The head of the ministry’s inspection directorate, Ayman Khawaldeh, pointed to the reasons for the non-issuance of recent studies, saying that the ministry was not able to conduct a comprehensive study and survey of all sectors and could only sufficiently conduct studies on a partial sample of sectors.



Poverty Draws Children to the Labor Market


The director of the Phoenix Center for Economic Studies, Ahmad Awad, confirmed that the expansion of poverty is one of the leading causes of the high rate of child labor.


Awad indicated that low income rates for some families contributes to their pushing their children into the labor market. Their opinion is that this keeps them from a state of destitution.


According to Nihaya Dabdoub, the director of the National Program to Reduce Child Labor, the decline in economic and social conditions played an important role in increasing this phenomenon which, in her view, has worsened over the last three years.


Awad alluded to the influx of Syrian refugees as having led to the prevalence of child labor.


“The outcome was that some organizations gave up in supporting them and providing for their basic needs,” he said.


Preliminary statistics conducted by the International Labour Organization show that approximately 30,000 Syrian refugee children have entered the labor market, in addition to Jordanian child laborers.


Ayman Khawaldeh anticipates that the number of child laborers exceeds 66,000, as a result of the involvement of Syrian child laborers.


Khawaldeh referred to the ministry’s implementation of 1800 inspection visits to employers during the past year, and the regulation of nearly 1,316 cases, including those of 900 Jordanian child laborers, and 420 Syrian child laborers, most of whom were females.


Studies show that 41% of children work in mechanical professions and 27% work in the catering sector or in the sale of coffee on the roadsides.



Regulations are Absent from Enforcement

Child labor is growing, despite legislation prohibiting their employment, according to Awad, which underlines the lack of effectiveness of that legislation on the ground, in addition to the misapplication of economic and development policies that do not take into account social conditions in helping to overcome this phenomenon.


The Labour Law in Article 73 prohibits the employment of children who have not obtained 16 years of age, and forbids the employment of children between the ages of 16 and 18 in hazardous work.

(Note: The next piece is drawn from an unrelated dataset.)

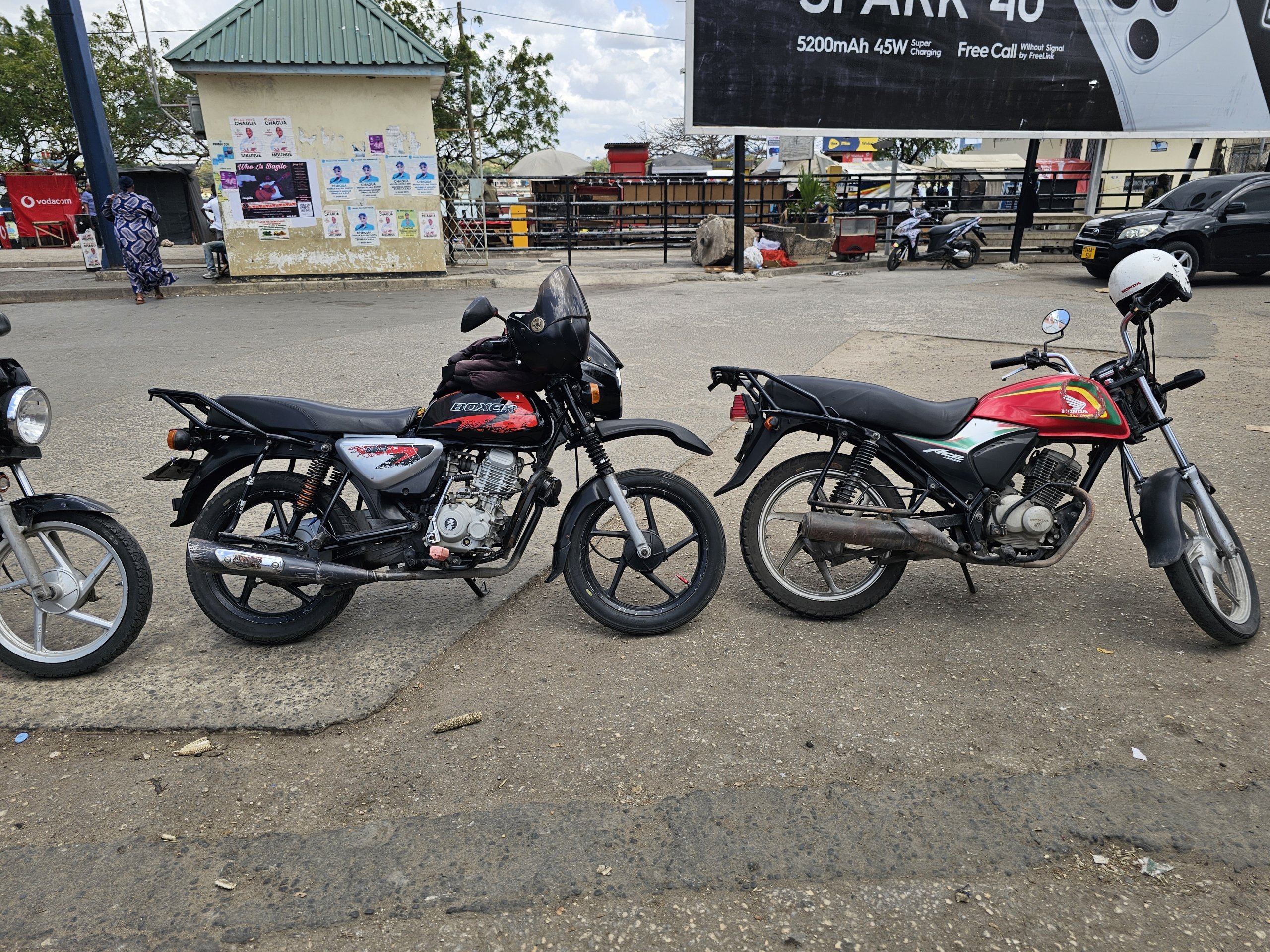 Ao viajar com a Bolt e a Uber em Dar es Salaam, pode escolher entre três opções - um carro clássico, um bajaj (3 rodas), que é um tuk tuk, ou uma mota (boda boda).

Overcoming Child Labor: Between Improving Conditions and Activating Laws

Ahmad Awad proposes that changing the realities of living and improving the economic conditions of life forms the basis of reducing the phenomenon of child labor, to within the universally accepted standards.


According to Khawaldeh, the ministry is working on sanctions against employers of child laborers, with fines ranging from 500 to 1,000 dinars for each month of employing the worker.


The ministry also has a social support center which works to find effective solutions to eliminating child labor through rehabilitating them and returning them to school.


On the occasion of the celebration of World Day Against Child Labour, which fell on Friday, June 12, the Ministry of Labor launched a special new administration to address the phenomenon of child labor.